● WHAT YOU WILL DO:
Using the records that follow, reproduce exactly the lines starting at the line containing "In Commemoration of" and ending at the line containing "A corrida mais". Include both end lines and no pictures.

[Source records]
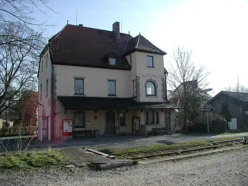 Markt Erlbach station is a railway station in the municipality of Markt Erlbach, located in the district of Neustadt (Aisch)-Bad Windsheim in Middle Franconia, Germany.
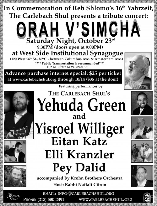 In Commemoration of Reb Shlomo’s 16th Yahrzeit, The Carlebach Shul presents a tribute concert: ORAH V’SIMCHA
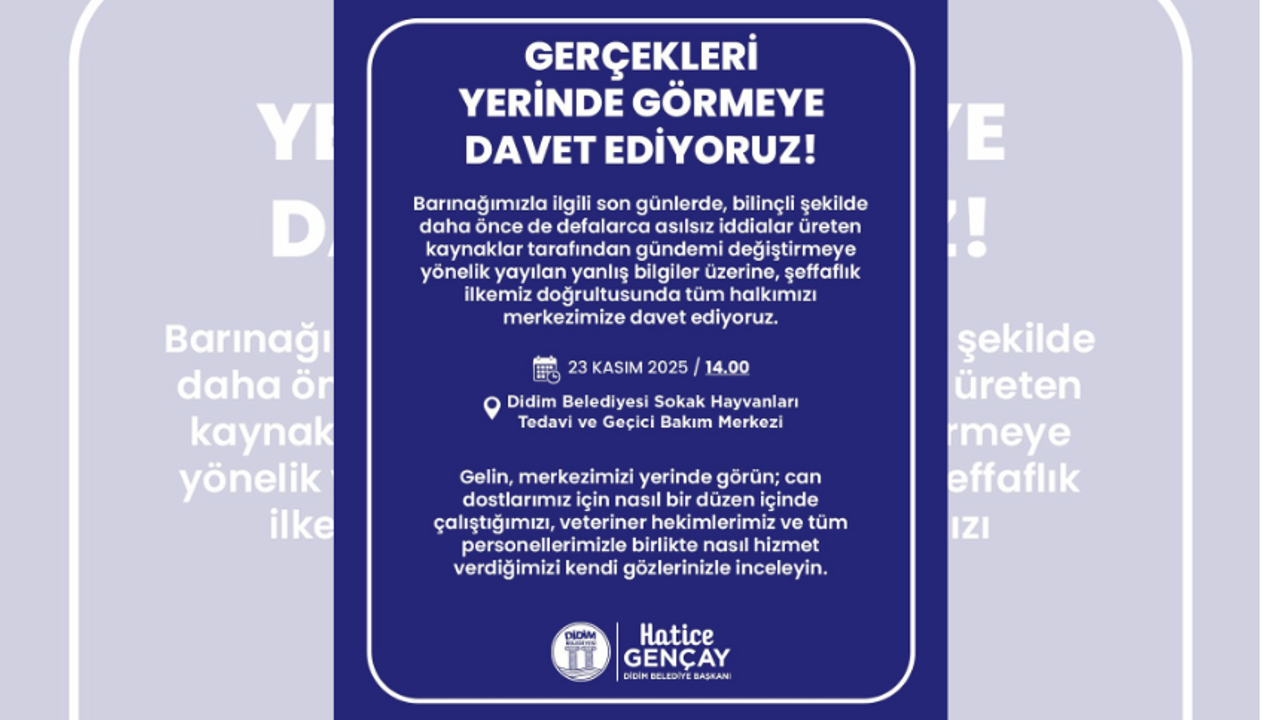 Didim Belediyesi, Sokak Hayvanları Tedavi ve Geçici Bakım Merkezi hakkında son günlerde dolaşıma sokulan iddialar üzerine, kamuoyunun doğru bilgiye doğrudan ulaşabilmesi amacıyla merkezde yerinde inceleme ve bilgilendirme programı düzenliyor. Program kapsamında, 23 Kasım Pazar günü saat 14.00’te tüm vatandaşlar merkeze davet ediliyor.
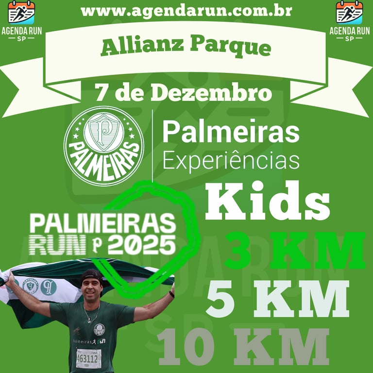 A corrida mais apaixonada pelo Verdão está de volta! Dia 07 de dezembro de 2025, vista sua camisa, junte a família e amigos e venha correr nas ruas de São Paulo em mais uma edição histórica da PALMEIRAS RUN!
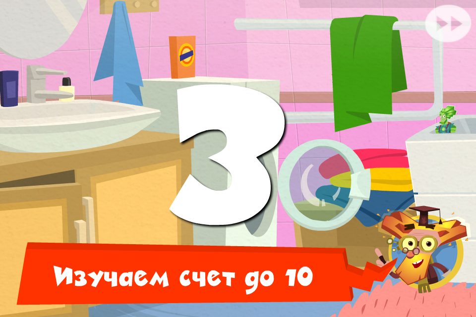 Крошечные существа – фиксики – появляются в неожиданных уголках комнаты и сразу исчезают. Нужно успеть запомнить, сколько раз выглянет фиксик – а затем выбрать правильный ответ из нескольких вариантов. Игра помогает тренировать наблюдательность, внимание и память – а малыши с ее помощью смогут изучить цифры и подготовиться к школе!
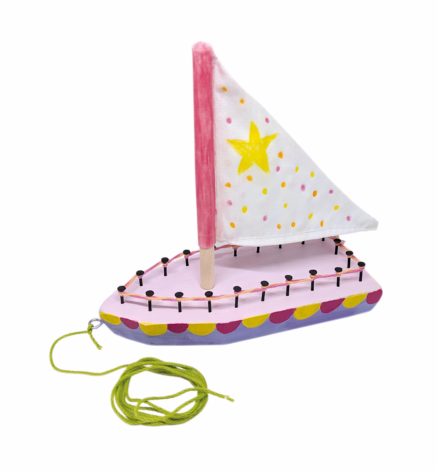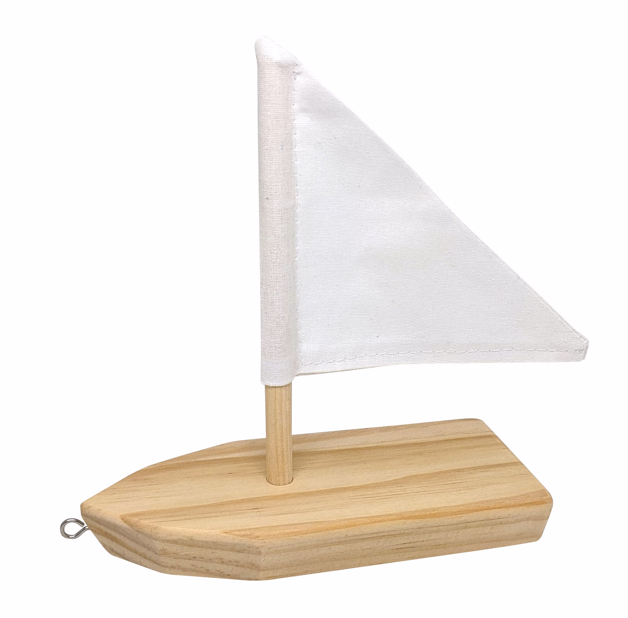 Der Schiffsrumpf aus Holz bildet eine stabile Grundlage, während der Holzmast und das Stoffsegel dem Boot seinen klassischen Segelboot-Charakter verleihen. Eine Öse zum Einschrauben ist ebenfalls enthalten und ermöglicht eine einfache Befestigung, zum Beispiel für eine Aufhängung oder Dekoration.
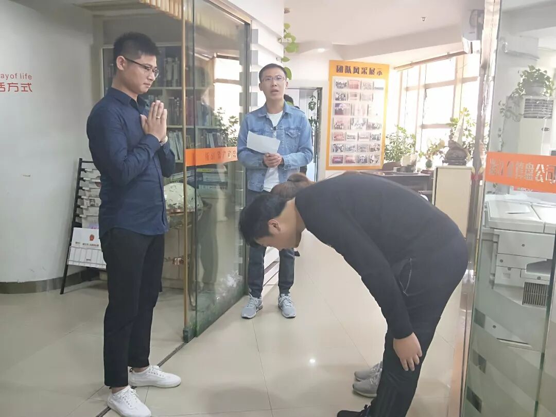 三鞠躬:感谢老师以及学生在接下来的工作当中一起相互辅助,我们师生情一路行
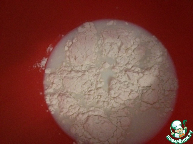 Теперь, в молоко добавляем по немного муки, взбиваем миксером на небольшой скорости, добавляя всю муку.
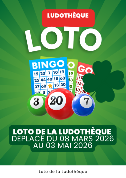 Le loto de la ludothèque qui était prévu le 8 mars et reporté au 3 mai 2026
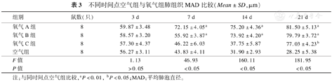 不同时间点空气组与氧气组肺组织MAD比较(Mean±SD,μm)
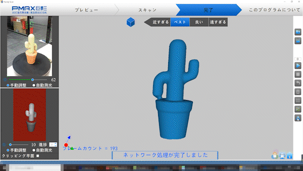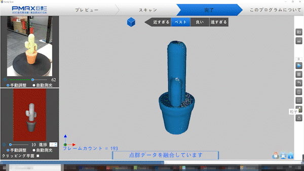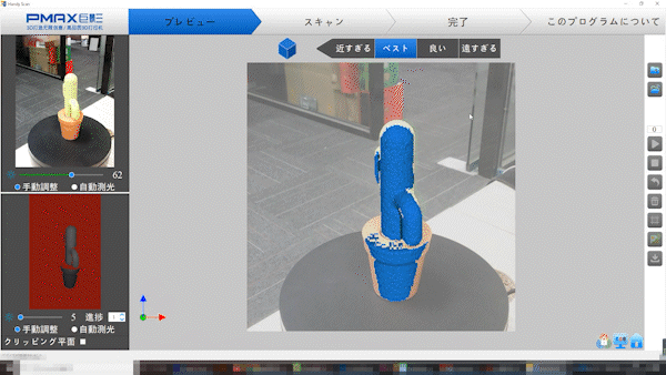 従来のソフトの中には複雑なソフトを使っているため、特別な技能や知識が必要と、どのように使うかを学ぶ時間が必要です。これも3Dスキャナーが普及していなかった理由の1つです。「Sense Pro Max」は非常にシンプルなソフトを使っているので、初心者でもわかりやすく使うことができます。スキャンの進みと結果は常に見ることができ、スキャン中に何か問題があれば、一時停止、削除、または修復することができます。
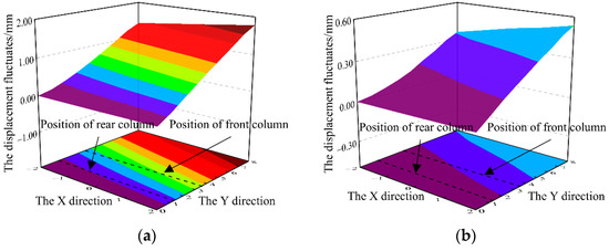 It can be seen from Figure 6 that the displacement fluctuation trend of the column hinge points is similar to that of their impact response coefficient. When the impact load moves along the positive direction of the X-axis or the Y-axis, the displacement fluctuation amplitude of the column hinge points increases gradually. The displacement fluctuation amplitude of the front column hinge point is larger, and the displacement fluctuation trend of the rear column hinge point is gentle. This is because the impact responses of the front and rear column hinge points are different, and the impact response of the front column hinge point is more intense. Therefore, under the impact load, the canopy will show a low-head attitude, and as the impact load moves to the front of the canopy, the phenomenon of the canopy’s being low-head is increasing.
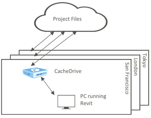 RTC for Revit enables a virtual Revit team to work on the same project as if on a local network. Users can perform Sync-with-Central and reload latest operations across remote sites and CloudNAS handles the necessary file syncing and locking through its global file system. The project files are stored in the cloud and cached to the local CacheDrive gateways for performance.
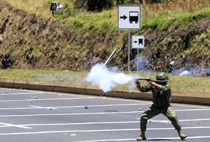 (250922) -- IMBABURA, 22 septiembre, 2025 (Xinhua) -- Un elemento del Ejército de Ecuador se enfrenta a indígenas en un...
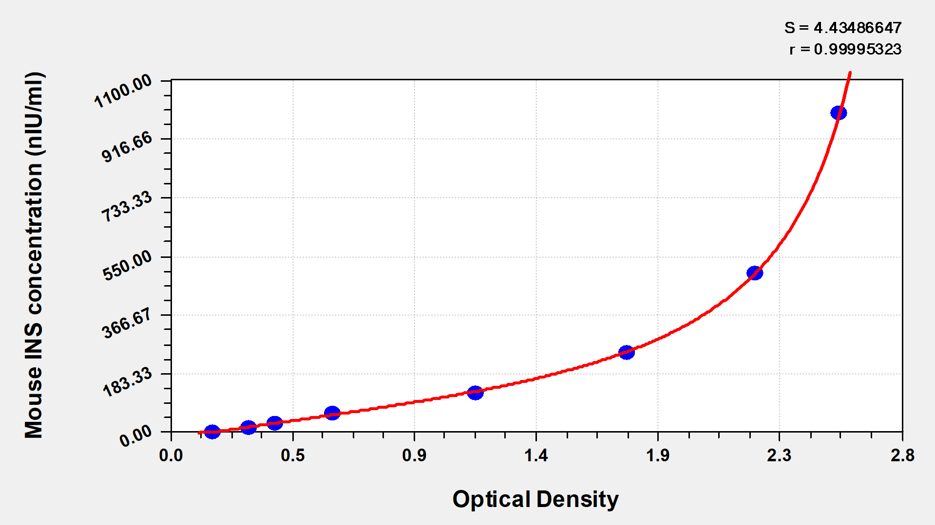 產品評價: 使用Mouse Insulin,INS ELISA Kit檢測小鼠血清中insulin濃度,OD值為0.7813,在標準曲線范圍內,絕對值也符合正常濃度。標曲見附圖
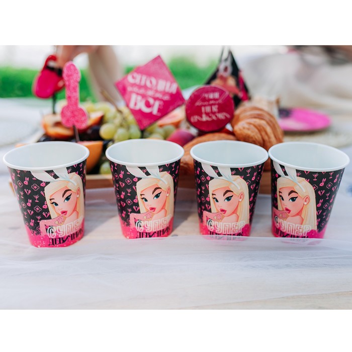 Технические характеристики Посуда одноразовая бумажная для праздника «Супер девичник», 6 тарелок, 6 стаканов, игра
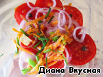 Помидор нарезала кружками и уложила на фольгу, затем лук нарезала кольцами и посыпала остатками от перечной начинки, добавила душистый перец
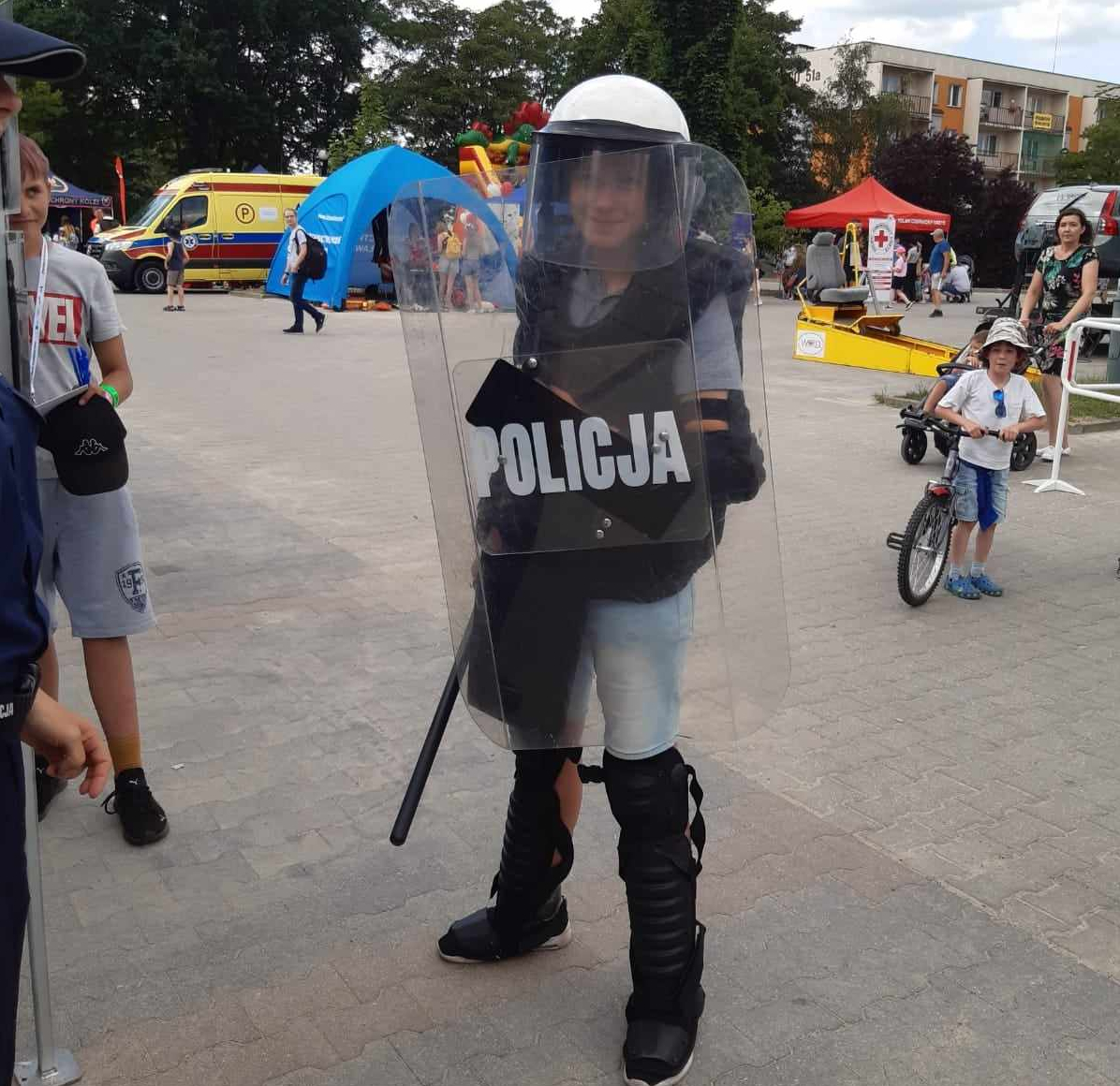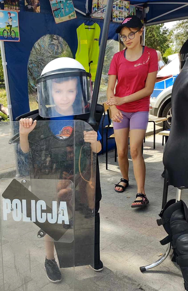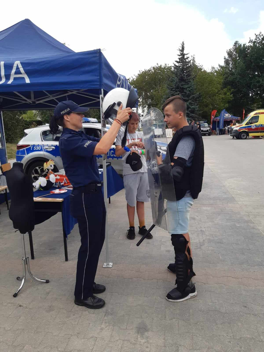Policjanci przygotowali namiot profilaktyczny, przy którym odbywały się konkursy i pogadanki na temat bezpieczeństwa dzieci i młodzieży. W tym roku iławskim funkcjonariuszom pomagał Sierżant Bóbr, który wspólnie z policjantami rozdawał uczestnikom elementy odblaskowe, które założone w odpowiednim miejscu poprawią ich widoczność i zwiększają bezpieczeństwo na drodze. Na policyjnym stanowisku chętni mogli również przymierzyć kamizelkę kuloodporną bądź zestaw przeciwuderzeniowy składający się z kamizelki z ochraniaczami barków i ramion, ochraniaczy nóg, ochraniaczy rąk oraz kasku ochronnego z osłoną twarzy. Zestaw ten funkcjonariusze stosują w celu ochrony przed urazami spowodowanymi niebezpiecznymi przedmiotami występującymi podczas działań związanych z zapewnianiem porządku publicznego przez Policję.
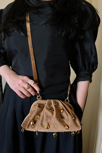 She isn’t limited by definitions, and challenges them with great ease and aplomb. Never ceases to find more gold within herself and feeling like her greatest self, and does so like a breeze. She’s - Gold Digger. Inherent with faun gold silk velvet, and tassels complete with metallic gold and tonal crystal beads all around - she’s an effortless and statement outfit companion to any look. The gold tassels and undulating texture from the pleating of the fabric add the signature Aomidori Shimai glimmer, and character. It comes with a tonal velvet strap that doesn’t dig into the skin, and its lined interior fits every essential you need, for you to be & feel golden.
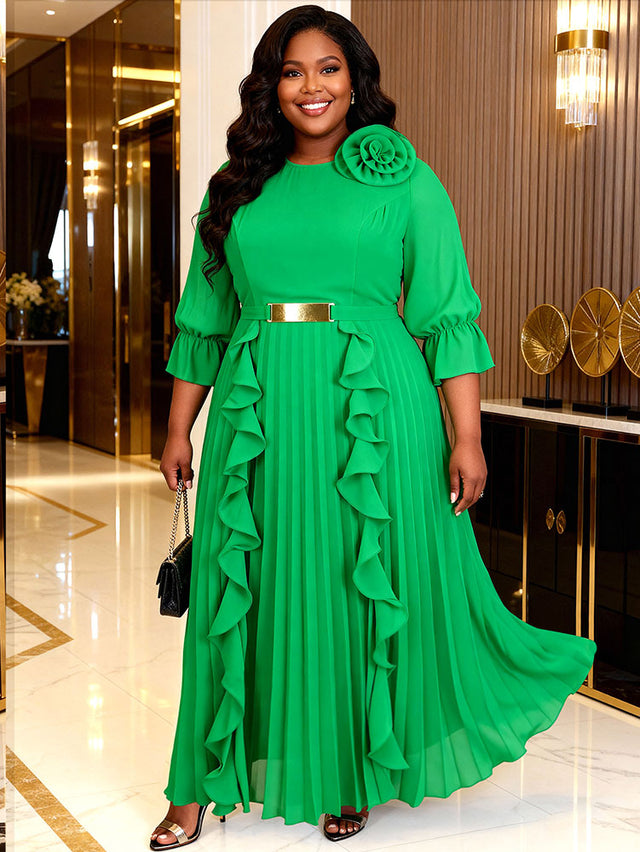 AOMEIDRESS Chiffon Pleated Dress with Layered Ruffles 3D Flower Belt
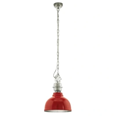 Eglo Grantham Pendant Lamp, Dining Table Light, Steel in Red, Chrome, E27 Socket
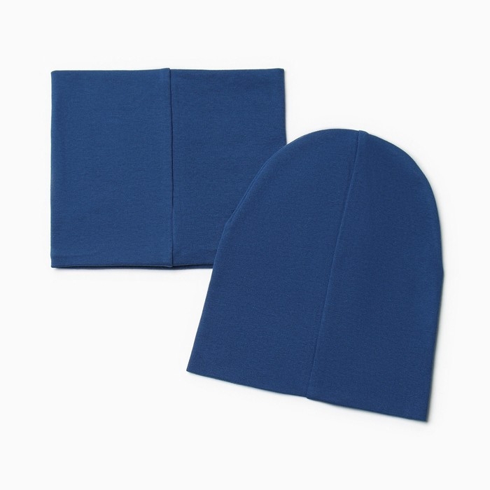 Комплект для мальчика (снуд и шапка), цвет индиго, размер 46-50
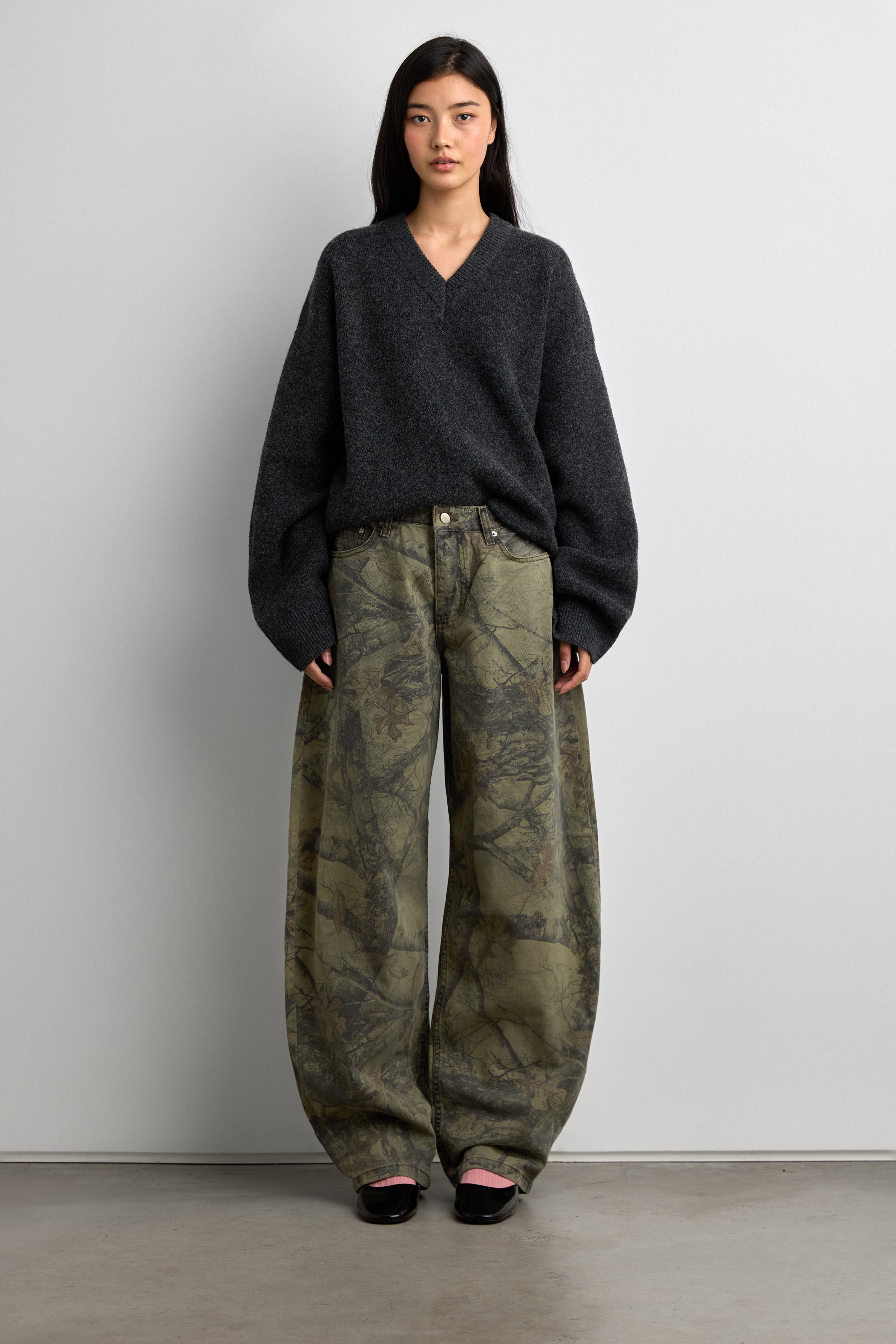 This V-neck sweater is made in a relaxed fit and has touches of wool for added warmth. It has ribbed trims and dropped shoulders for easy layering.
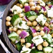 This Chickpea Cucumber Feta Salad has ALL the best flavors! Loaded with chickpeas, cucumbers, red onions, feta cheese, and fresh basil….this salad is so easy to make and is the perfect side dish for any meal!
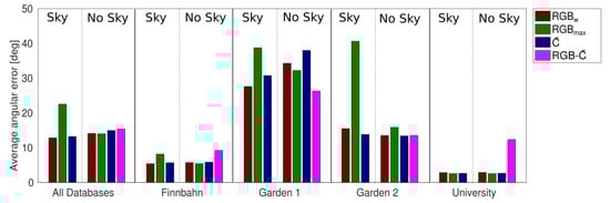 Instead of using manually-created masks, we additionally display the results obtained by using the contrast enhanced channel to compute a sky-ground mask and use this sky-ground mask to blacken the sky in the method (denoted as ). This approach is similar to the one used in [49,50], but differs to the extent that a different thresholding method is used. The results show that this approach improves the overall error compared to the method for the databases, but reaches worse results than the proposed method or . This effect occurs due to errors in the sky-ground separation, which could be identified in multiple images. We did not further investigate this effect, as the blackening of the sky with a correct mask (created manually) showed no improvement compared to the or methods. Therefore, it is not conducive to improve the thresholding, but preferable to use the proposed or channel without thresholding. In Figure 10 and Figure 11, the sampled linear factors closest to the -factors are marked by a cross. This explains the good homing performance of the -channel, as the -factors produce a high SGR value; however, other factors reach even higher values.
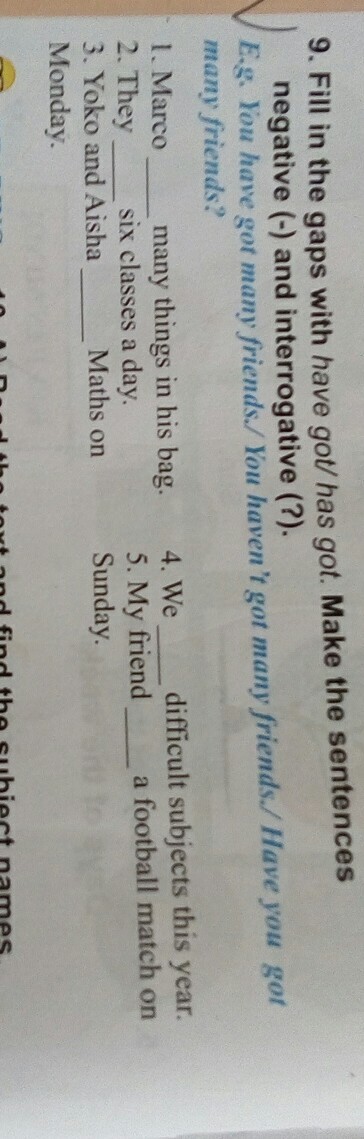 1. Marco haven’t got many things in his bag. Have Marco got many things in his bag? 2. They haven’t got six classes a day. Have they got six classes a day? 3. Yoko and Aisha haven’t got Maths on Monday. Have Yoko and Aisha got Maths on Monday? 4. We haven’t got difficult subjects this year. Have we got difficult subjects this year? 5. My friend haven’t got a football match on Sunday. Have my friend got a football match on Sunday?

● EXERCISE RESULT:
 In Commemoration of Reb Shlomo’s 16th Yahrzeit, The Carlebach Shul presents a tribute concert: ORAH V’SIMCHA
 Didim Belediyesi, Sokak Hayvanları Tedavi ve Geçici Bakım Merkezi hakkında son günlerde dolaşıma sokulan iddialar üzerine, kamuoyunun doğru bilgiye doğrudan ulaşabilmesi amacıyla merkezde yerinde inceleme ve bilgilendirme programı düzenliyor. Program kapsamında, 23 Kasım Pazar günü saat 14.00’te tüm vatandaşlar merkeze davet ediliyor.
 A corrida mais apaixonada pelo Verdão está de volta! Dia 07 de dezembro de 2025, vista sua camisa, junte a família e amigos e venha correr nas ruas de São Paulo em mais uma edição histórica da PALMEIRAS RUN!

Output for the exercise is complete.